Denúncia de traficantes deu origem à operação que prendeu delegado na Paraíba, revela secretário

A informação foi revelada pelo secretário de Estado da Segurança e da Defesa Social, Jean Nunes, nesta terça-feira (02)

A Operação Perfidus, que resultou na prisão de um delegado e de agentes policiais suspeitos de integrar um esquema criminoso na Paraíba, teve início a partir de denúncias feitas pelos próprios traficantes investigados pelas forças de segurança.

A informação foi revelada pelo secretário de Estado da Segurança e da Defesa Social, Jean Nunes, nesta terça-feira (02), ao comentar a investigação conduzida pela Polícia Civil e pelo Ministério Público da Paraíba.
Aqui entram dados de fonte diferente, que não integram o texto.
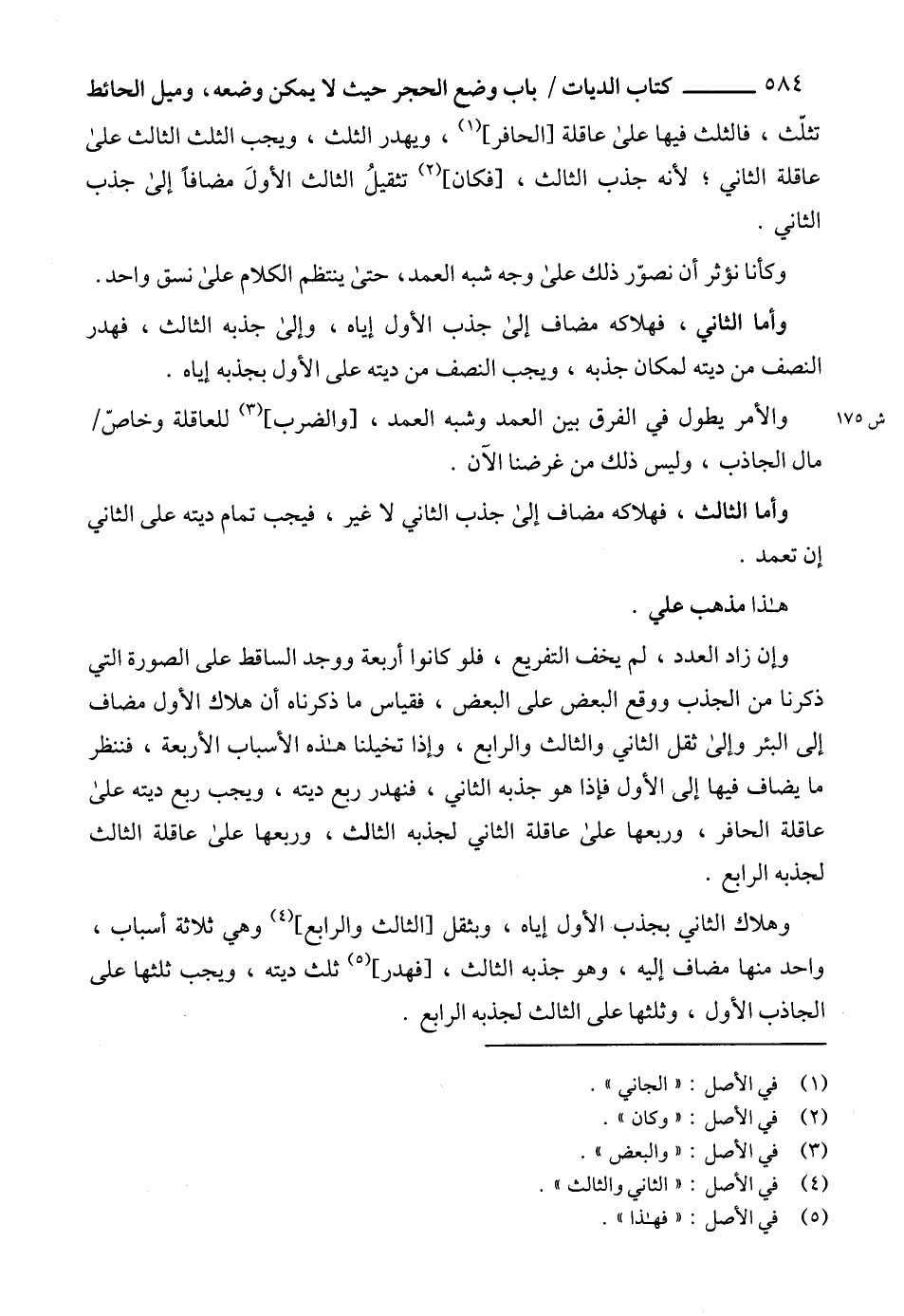 والأمر يطول في الفرق بين العمد وشبه العمد، [والضرب] (3) للعاقلة وخاصّ مال الجاذب، وليس ذلك من غرضنا الآن.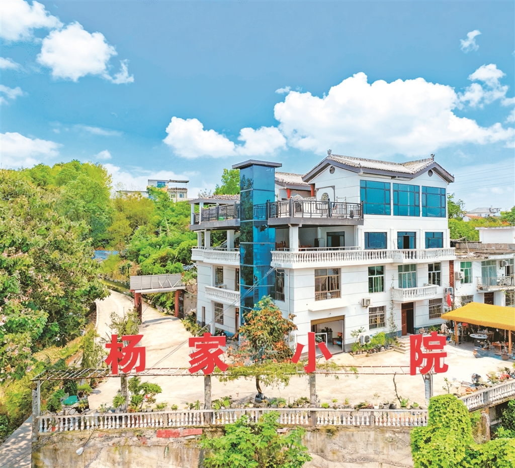 漢濱區(qū)張灘鎮(zhèn)立石村王家院子55戶農(nóng)房完成風(fēng)貌改造,昔日農(nóng)舍變?yōu)閯e具特色的“江景院落”。 李靖 攝

Segundo o secretário, criminosos passaram a relatar que drogas estavam sendo roubadas por integrantes do esquema investigado, que, de acordo com as apurações, contava com a participação de agentes públicos.
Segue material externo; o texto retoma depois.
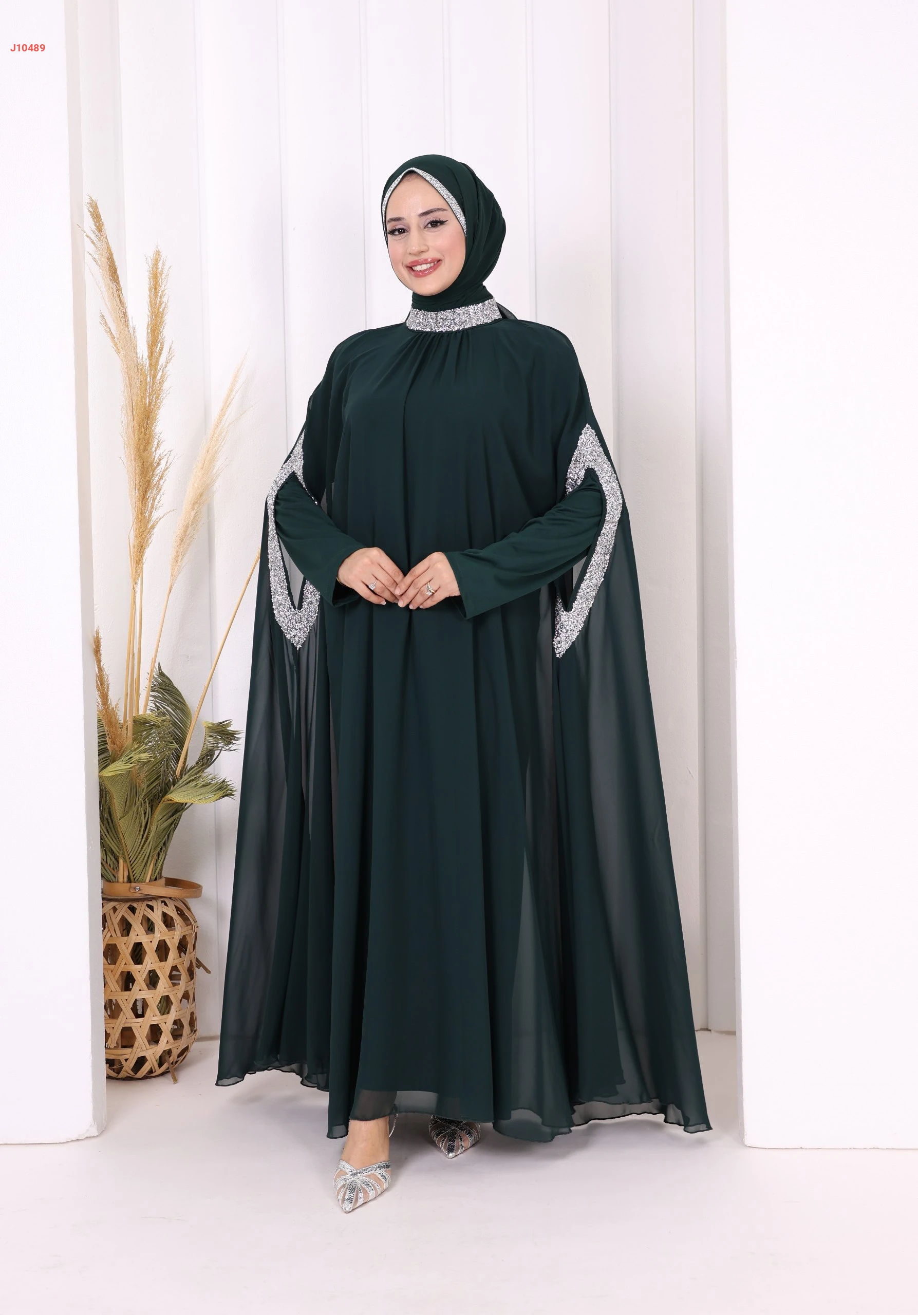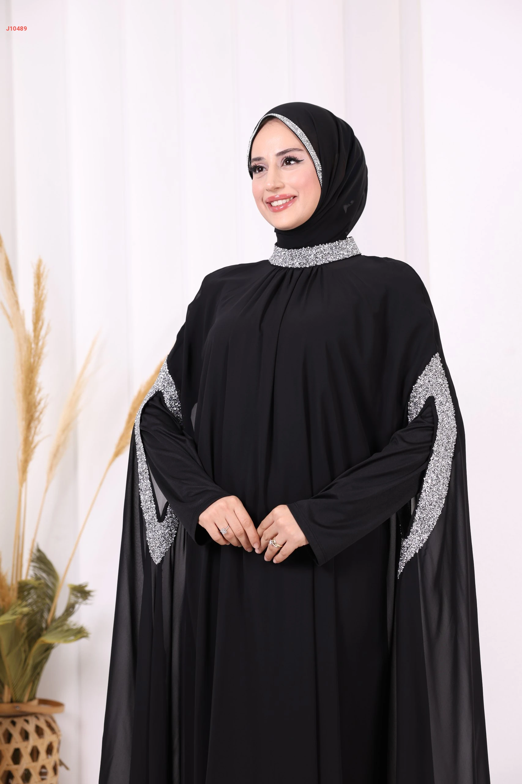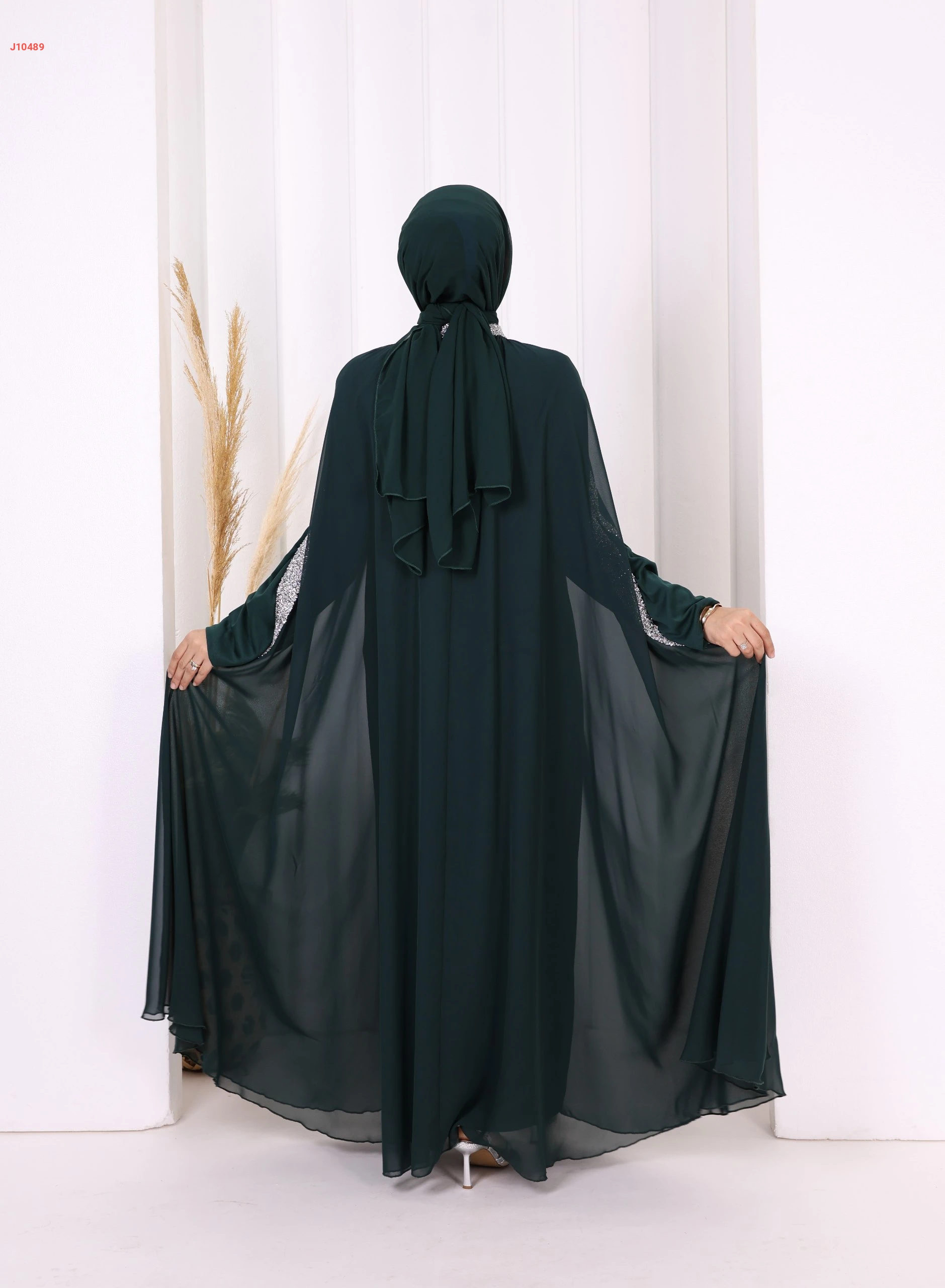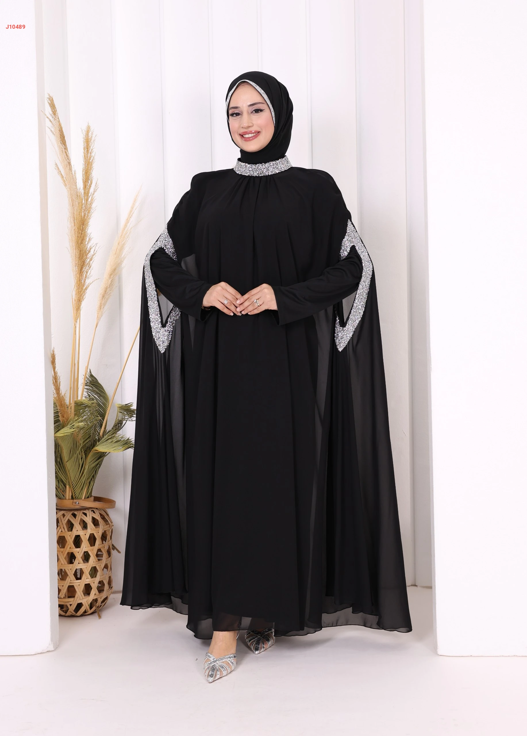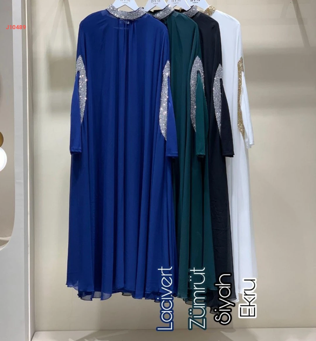 عباية سادة طبقتين پياقة مرتفعة وأكمام مرصعة بالشك

“A Polícia Civil recebeu algumas denúncias de próprios traficantes, outros traficantes que estavam tendo suas drogas roubadas e furtadas. Veja só que cenário é esse”, afirmou.
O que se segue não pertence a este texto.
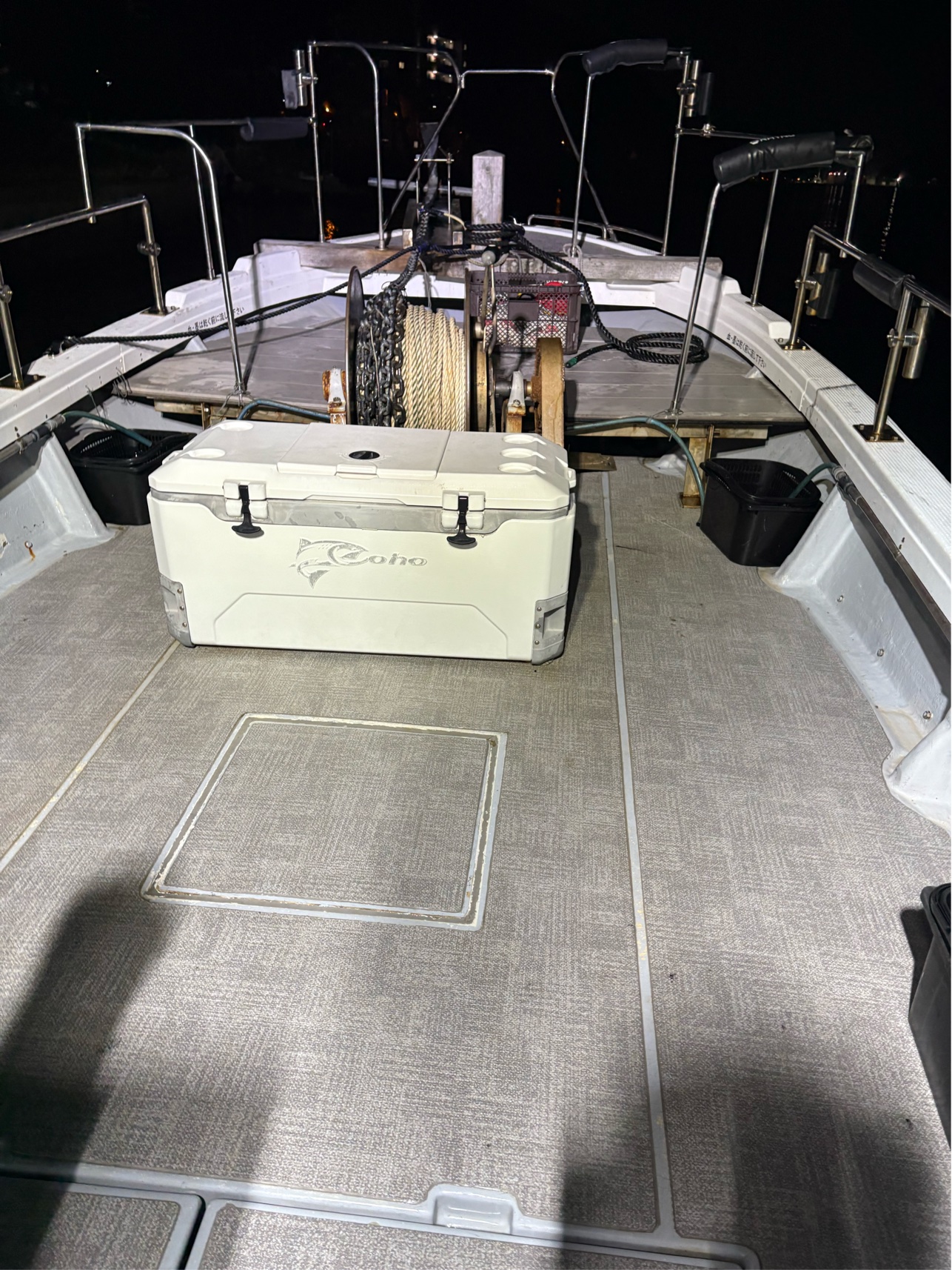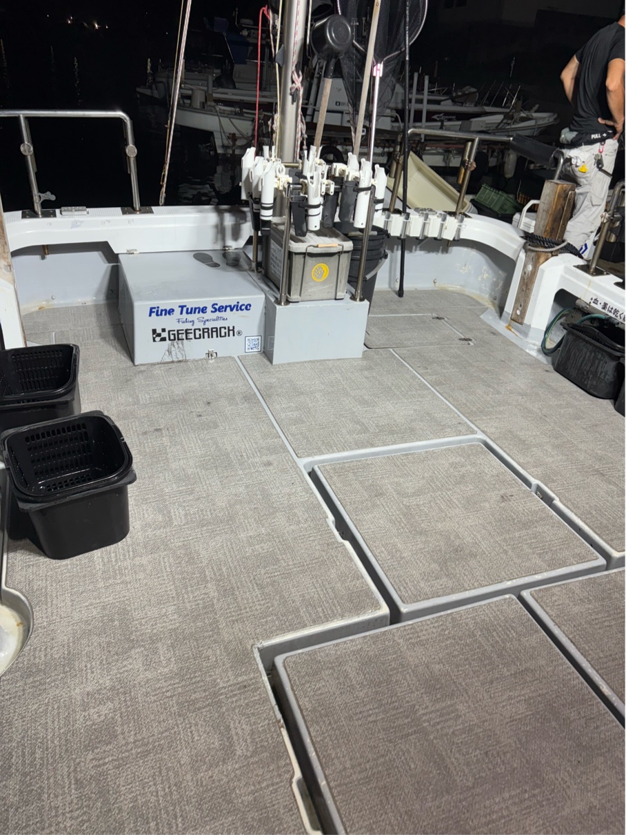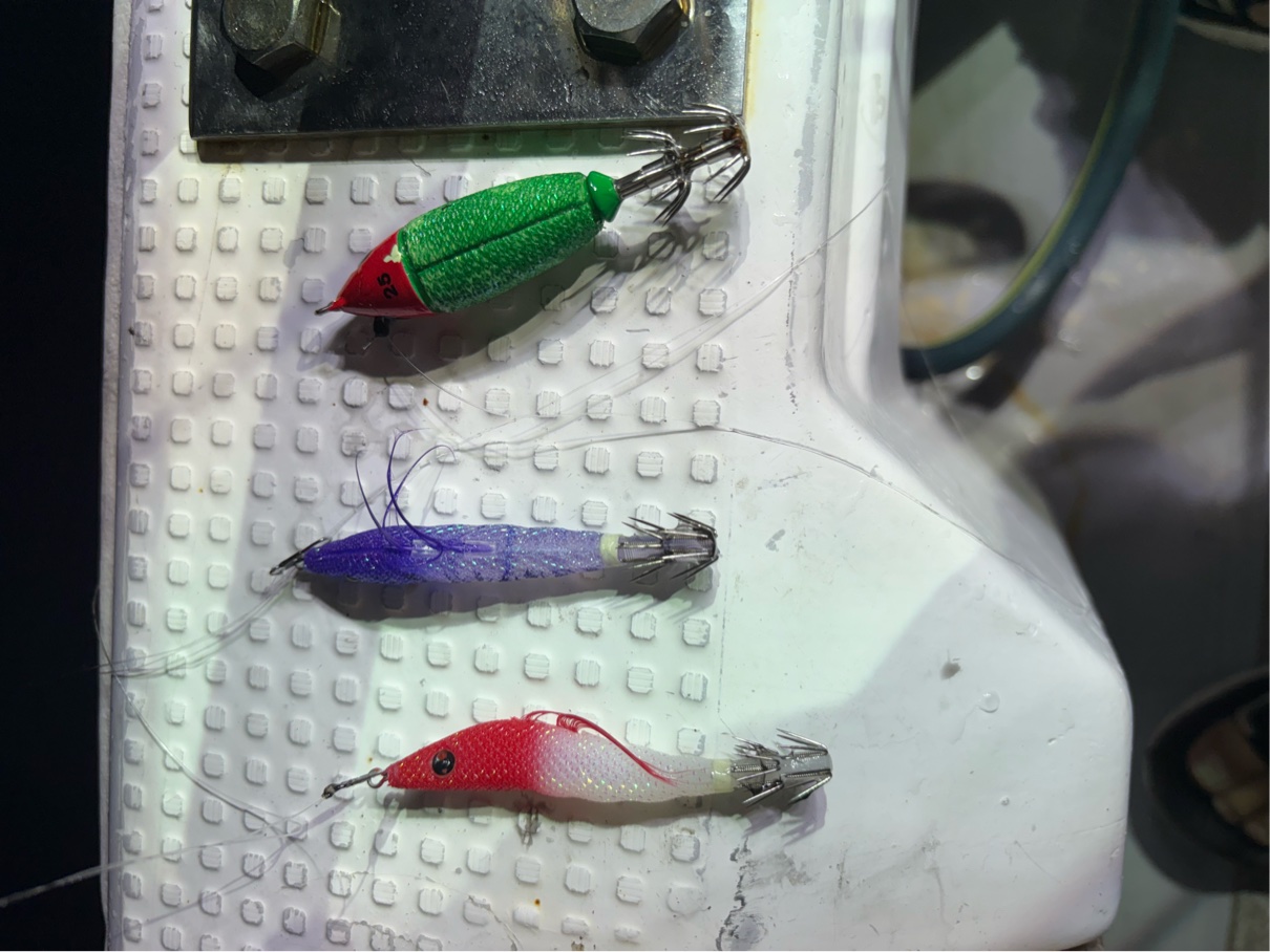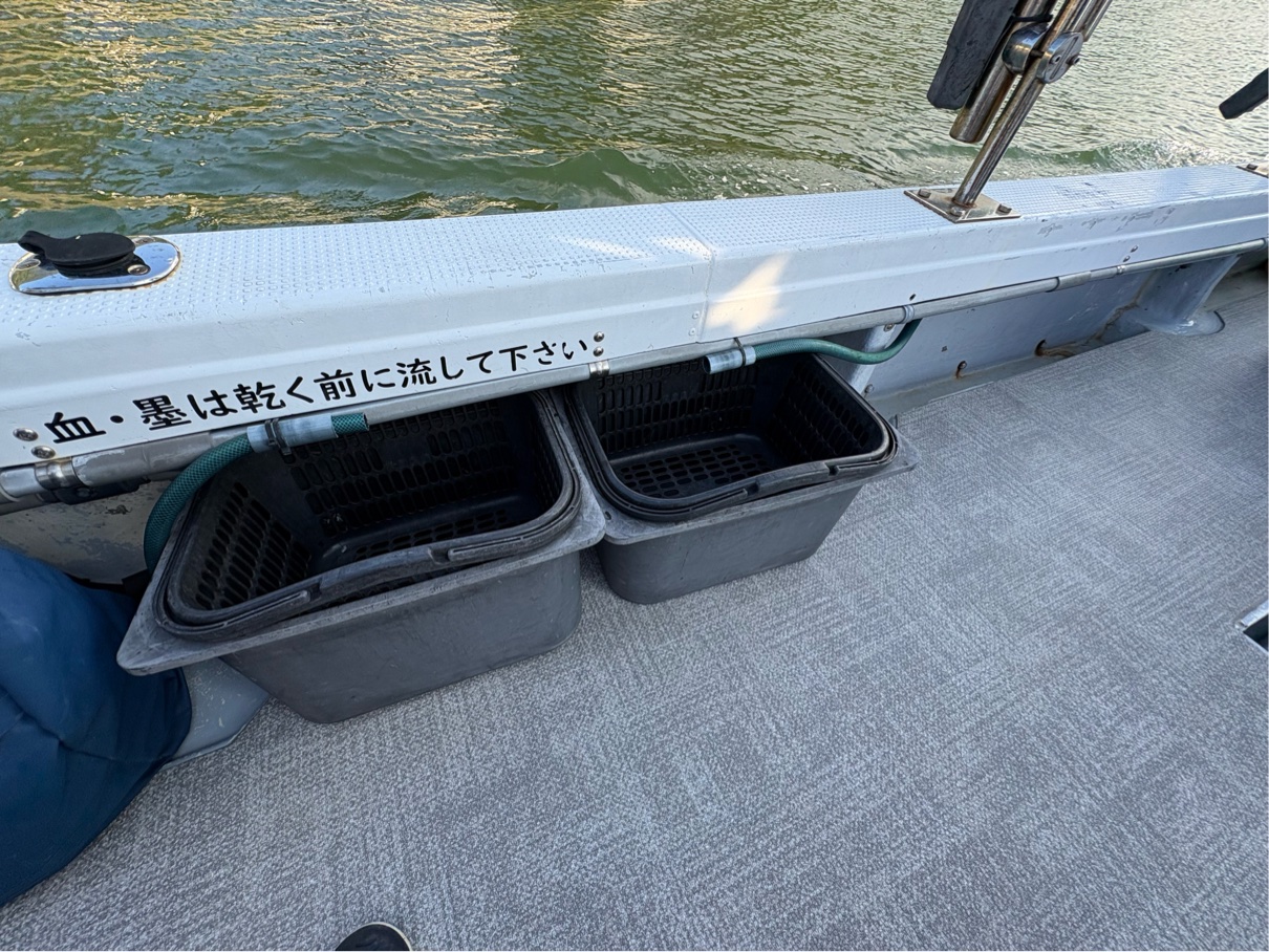 船は設備も多く機能的で快適です。ロッドホルダーも多く手すりにはクッションなどもあります。個人用の生簀ケースもありで底も深いので水量も多く入るのでイカの数を入れておくことができます。

Esquema usava estrutura policial, diz investigação

De acordo com as investigações da Operação Perfidus, os suspeitos não utilizavam a estrutura estatal para combater o tráfico de drogas, mas para obter vantagens financeiras por meio da atividade criminosa.

Conforme o Ministério Público e a Polícia Civil, o grupo recebia informações privilegiadas sobre imóveis e veículos utilizados por organizações criminosas para armazenar e transportar entorpecentes. A partir desses dados, realizava incursões clandestinas e abordagens utilizando a condição funcional de policiais.

A investigação aponta que parte das drogas era oficialmente apreendida, enquanto outra parcela era desviada. Os entorpecentes, segundo as apurações, eram revendidos para facções rivais ou utilizados como instrumento de extorsão contra os próprios traficantes.

Em alguns casos, a suspeita é de que integrantes do esquema cobravam valores para devolver carregamentos de drogas ou evitar prejuízos a determinados grupos criminosos.

Foi justamente nesse contexto que surgiram as primeiras denúncias que deram origem à investigação.

“Houve uma reclamação nesse sentido. A polícia aprofundou, identificou a partir da sua perícia de investigação e conseguiu aprofundar esse trabalho. Veja que tem mais de um ano de operação”, declarou Jean Nunes.

Secretário diz que policiais atuavam como traficantes

De acordo com o secretário, as investigações revelaram uma estrutura criminosa infiltrada em órgãos de segurança pública.

“Esses policiais que foram presos não passam disso: traficantes. Estavam envolvidos em repassar droga para facções. Isso é muito grave e por isso essa operação tem um valor muito importante”, afirmou.

Jean Nunes destacou ainda que a operação foi realizada em conjunto pela Polícia Civil, por meio da Draco e da Unintelpol, e pelo Grupo de Atuação Especial de Combate ao Crime Organizado (Gaeco), do Ministério Público.

“Essa operação é feita em conjunto exatamente para demonstrar que o Estado, as forças de segurança e o Ministério Público estão unidos para combater o crime organizado e as facções aqui no Estado”, disse.

A Operação Perfidus cumpriu nove mandados de prisão e 24 mandados de busca e apreensão. As investigações apontam que integrantes do grupo utilizavam a estrutura estatal para desviar drogas, repassar informações sigilosas e beneficiar organizações criminosas. A Justiça também determinou o bloqueio de aproximadamente R$ 10 milhões dos investigados.